Towards a Theory of Decision Making

Lead Research Organisation: University of Bristol
Department Name: Engineering Mathematics and Technology

Abstract

Degenerate Optimal Boundaries for Multiple-Alternative Decision Making

Integration-to-threshold models of two-choice perceptual decision making have guided our understanding of the behaviour and neural processing of humans and animals for decades. Although such models seem to extend naturally to multiple-choice decision making, consensus on a normative framework has yet to emerge, and hence the implications of threshold characteristics for multiple choices have only been partially explored. Here we consider sequential Bayesian inference as the basis for a normative framework together with a conceptualisation of decision making as a particle diffusing in n-dimensions. This framework implies highly choice-interdependent decision thresholds, where boundaries are a function of all choice-beliefs. We show that in general the optimal decision boundaries comprise a degenerate set of complex structures and speed-accuracy tradeoffs, contrary to current 2-choice results.

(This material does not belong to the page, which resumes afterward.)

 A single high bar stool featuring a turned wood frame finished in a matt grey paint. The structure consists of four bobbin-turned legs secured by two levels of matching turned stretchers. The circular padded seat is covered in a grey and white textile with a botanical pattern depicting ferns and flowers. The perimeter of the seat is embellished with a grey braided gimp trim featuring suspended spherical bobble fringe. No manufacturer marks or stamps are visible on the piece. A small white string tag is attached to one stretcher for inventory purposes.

Such boundaries support both stationary and collapsing thresholds as optimal strategies for decision-making, both of which result from stationary complex boundary representations. This casts new light on the interpretation of urgency signals reported in neural recordings of decision making tasks, implying that they may originate from a more complex decision rule, and that the signal as a distinct phenomenon may be misleading as to the true mechanism. Our findings point towards a much-needed normative theory of multiple-choice decision making, provide a characterisation of optimal decision thresholds under this framework, and inform the debate between stationary and dynamic decision boundaries for optimal decision making.

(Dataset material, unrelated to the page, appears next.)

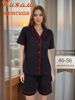 Пижама с шортами и рубашкой в горошек
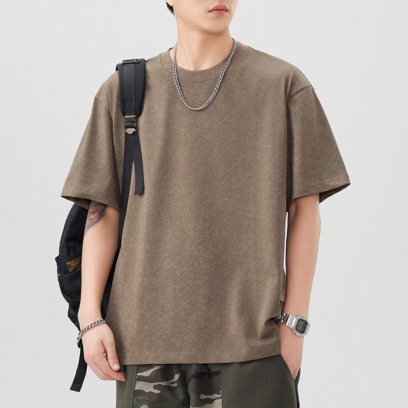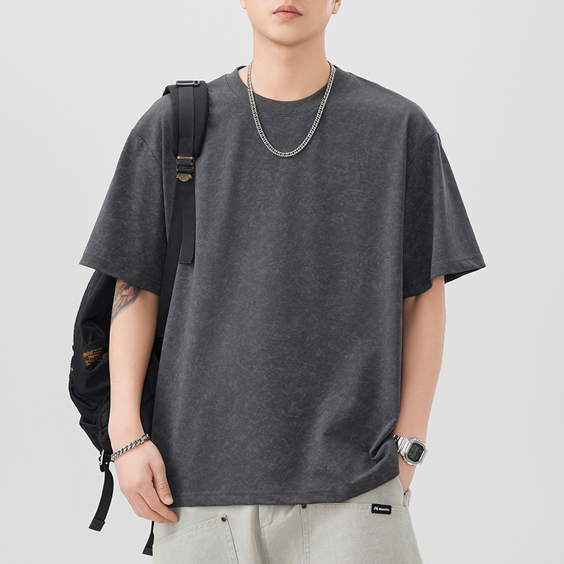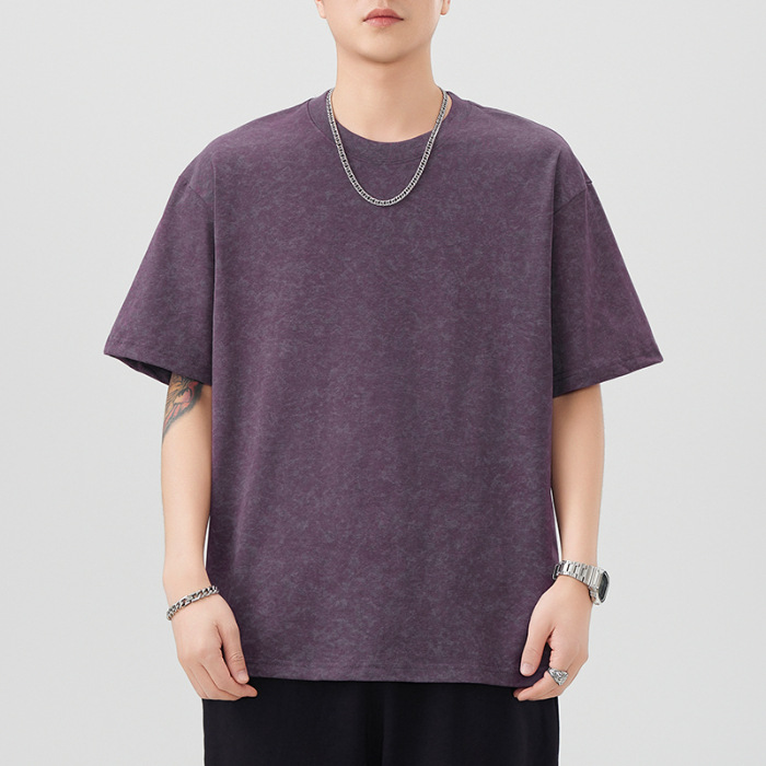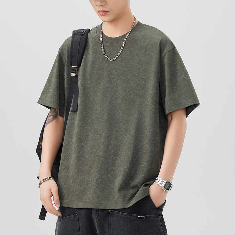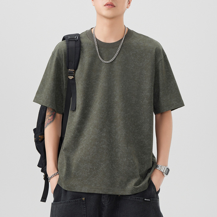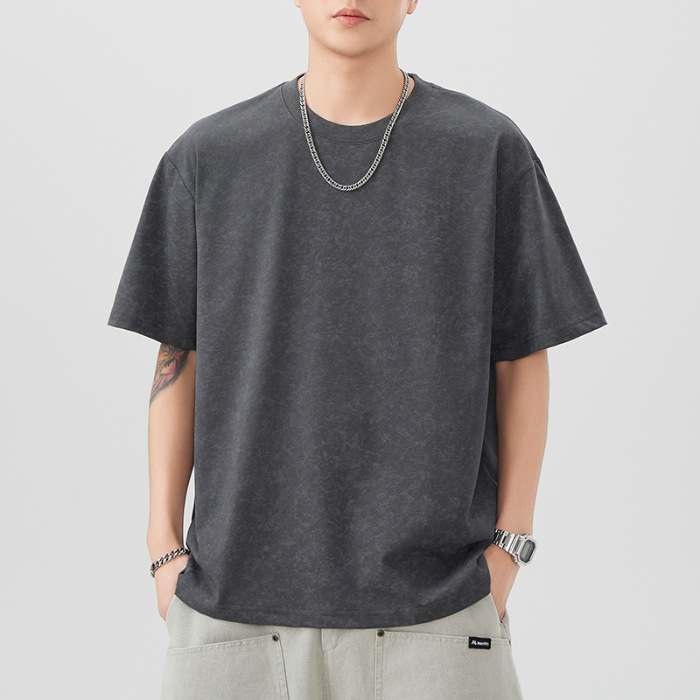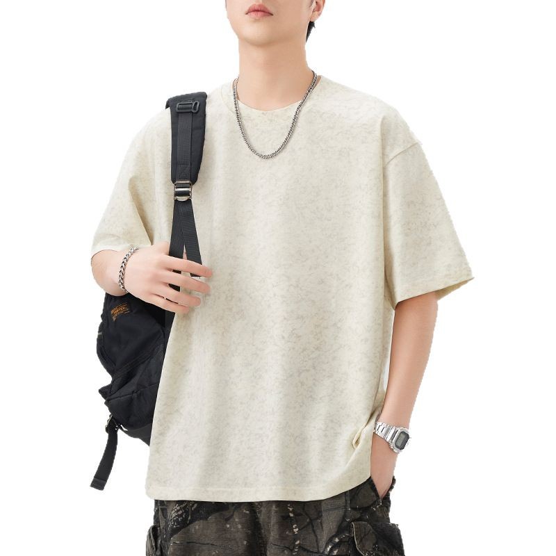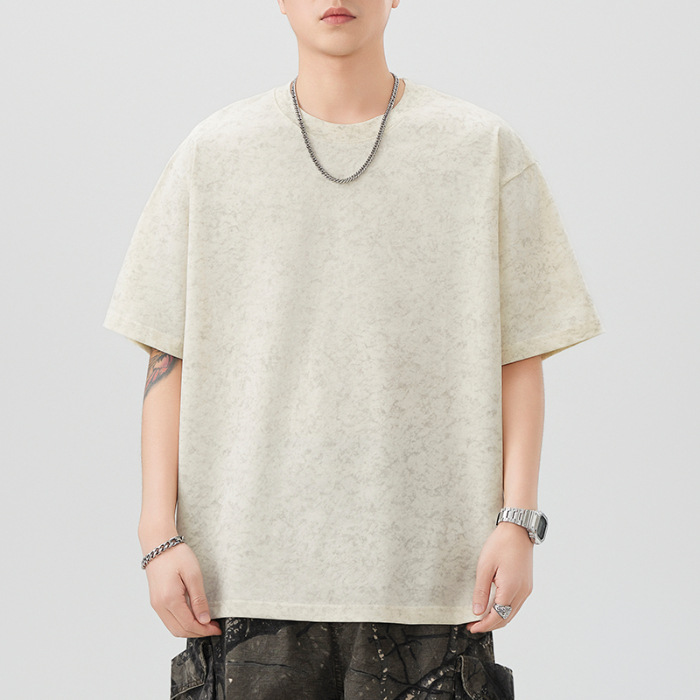 2025夏季新款短袖T恤男美式复古云染宽松五分体恤衫半袖上衣

Decision making as a closed-loop process

The theory of decision making has largely been developed as a disembodied open-loop process, however there is growing recognition that ecologically valid scenarios require integration of movement dynamics into current decision making theory, and a revision of what are considered to be core/fundamental decision components.
Here we develop the theory of decision making as a closed loop process, first exploring the role of confidence both as a neural computation within the loop, affecting movement dynamics and as a property of the egocentric frame with a causal influence on cognition.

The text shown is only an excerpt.